Work task
Give the lines again exactly as they appear below, from the line with "11月18日,国务院印发《划" to the line with "Blue Magic Hair", both included, and only those lines. Leave every picture out.

====== Exercise data ======

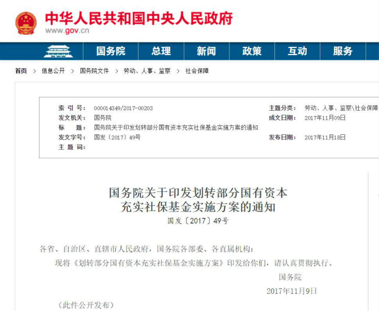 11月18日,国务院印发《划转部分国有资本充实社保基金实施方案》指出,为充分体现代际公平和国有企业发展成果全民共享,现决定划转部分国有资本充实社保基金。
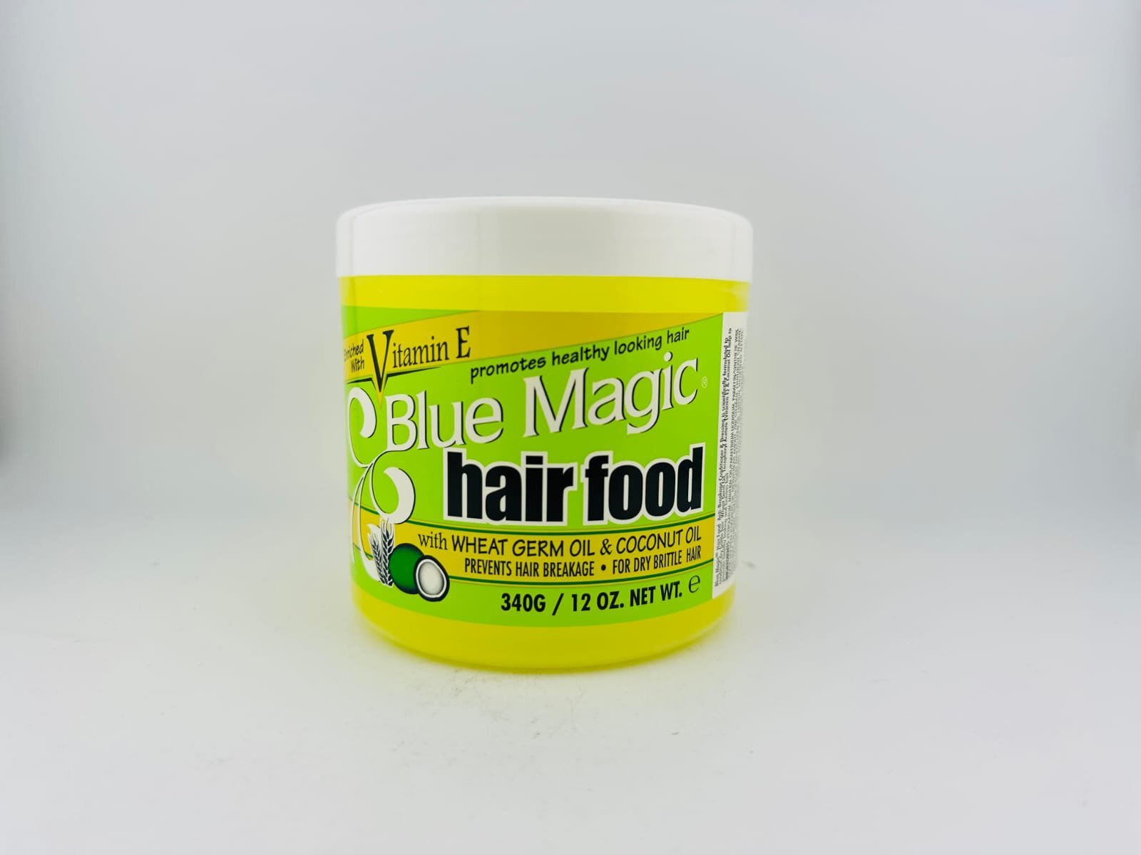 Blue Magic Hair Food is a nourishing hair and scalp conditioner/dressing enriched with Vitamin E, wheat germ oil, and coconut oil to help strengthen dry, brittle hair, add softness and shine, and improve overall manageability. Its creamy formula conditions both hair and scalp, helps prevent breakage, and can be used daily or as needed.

======
====== Exercise data ======

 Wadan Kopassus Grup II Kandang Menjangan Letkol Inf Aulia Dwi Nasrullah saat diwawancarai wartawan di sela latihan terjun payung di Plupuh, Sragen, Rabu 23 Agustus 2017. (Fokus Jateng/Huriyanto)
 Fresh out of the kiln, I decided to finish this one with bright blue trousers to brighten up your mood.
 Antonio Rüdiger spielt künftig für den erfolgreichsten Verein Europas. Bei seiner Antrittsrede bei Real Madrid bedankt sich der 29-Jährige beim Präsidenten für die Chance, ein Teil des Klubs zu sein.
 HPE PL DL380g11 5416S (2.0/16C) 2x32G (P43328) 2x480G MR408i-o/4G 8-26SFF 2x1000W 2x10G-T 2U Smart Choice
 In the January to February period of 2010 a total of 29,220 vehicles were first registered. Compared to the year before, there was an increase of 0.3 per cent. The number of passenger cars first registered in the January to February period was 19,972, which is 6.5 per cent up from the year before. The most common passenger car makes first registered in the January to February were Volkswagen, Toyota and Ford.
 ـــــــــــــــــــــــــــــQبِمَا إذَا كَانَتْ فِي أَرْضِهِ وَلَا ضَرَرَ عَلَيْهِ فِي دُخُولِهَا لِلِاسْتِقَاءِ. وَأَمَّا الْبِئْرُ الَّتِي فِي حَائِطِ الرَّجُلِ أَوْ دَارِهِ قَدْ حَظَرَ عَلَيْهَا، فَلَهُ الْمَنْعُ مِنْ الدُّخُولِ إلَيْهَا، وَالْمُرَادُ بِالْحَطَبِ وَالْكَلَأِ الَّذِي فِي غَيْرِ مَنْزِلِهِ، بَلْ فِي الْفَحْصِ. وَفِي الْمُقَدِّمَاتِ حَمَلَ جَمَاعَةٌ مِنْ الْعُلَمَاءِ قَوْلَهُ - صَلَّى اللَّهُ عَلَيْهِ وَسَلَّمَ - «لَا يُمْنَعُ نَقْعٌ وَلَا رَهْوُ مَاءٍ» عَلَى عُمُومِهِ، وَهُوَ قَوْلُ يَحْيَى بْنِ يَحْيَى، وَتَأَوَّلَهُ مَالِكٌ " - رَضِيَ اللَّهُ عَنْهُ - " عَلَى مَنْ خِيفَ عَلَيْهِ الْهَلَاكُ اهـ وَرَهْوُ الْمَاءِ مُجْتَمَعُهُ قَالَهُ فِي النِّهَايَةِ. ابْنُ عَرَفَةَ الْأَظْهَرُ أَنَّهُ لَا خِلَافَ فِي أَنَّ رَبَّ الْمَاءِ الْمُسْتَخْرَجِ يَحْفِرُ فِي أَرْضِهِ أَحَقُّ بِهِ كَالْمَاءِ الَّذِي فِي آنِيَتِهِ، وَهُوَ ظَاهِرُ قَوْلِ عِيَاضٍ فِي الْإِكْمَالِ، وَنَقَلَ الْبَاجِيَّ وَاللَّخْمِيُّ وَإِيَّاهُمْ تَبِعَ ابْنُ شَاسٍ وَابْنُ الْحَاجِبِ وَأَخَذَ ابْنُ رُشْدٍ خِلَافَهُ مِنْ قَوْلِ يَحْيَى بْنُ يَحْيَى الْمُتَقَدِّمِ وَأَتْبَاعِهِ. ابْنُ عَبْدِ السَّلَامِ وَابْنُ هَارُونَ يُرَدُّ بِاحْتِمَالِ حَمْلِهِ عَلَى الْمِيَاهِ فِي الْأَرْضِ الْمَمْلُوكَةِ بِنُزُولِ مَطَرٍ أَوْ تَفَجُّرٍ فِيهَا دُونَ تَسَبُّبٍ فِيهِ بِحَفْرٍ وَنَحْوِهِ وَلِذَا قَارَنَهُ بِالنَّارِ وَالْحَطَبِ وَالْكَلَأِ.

======

Answer area
 11月18日,国务院印发《划转部分国有资本充实社保基金实施方案》指出,为充分体现代际公平和国有企业发展成果全民共享,现决定划转部分国有资本充实社保基金。
 Blue Magic Hair Food is a nourishing hair and scalp conditioner/dressing enriched with Vitamin E, wheat germ oil, and coconut oil to help strengthen dry, brittle hair, add softness and shine, and improve overall manageability. Its creamy formula conditions both hair and scalp, helps prevent breakage, and can be used daily or as needed.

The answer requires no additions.